Which is why I wanted to share it.
And now that I have, it’s my turn to tell you a story.
Are you ready?
Here we go.
One day last summer about 50 pics went up on the camp website of my daughter’s bunk at the waterfront.
She was not in a single one of them.
So I start immediately freaking out.
Judge away but you know you’d do it too.
Here are all these girls smiling and laughing and jumping in the air holding hands.
And where the fuck is my kid?
So then a week later we’re up at camp for Visiting Day.
Which is a story in and of itself that you should remind me to tell you later.
So we’re at Visiting Day.
And we go on a family boat ride.
And my daughter starts to tell us a story.

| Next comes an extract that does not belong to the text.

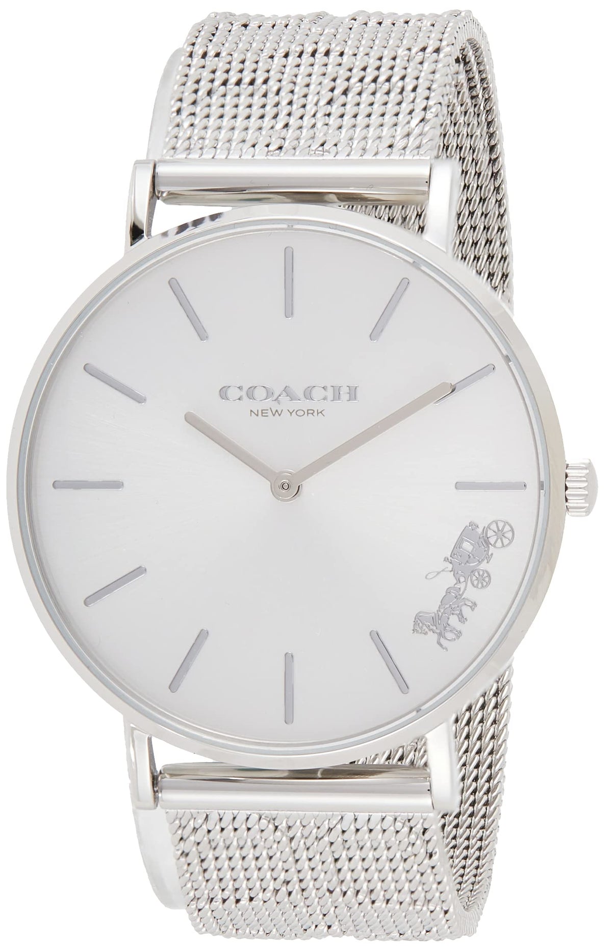Stainless steel case with a stainless steel mesh bracelet. Fixed stainless steel bezel. Silver dial with silver-tone hands and index hour markers. Dial Type: Analog. Quartz movement. Scratch resistant mineral crystal. Pull / push crown. Solid case back. Round case shape. Case size: 36 mm. Case thickness: 7.5 mm. Band width: 18 mm. Fold over slip through clasp. Water resistant at 30 meters / 100 feet. Functions: hour, minute. Perry Series. Casual watch style. Watch label: Swiss Made. Coach Perry Quartz Silver Dial Ladies Watch 14503341.

About how there was this one day when her bunk went to the waterfront with another bunk in her division.
And how it was sooo cool because she got to go out in a canoe with two of the girls from the other bunk.
And omigod do you know what happened when they went out in that canoe?
They got stuck in the mud.
Like stuck stuck.
And someone from the waterfront had to come rescue them!
And it was awesome!
Like, soooo totally hilarious that the girls literally peed in their bathing suits.
I swear I’m not making this up.
So after visiting day I swallowed about a billion milligrams of Valium and then went home and pulled up that set of waterfront pics on the camp website again.
But this time I zoomed in on them on my iPad (great trick, btw… remember it).
And there she was — my kid, my heart, my home — way off in the background.
In a canoe.
Stuck in the mud.
With two other girls.
Laughing her freaking ass off.
Moral of the story?
You know what’s coming, don’t you?
Step away from the freaking computer.
Just step. The hell. Away.
At least until they upload the next batch of pictures.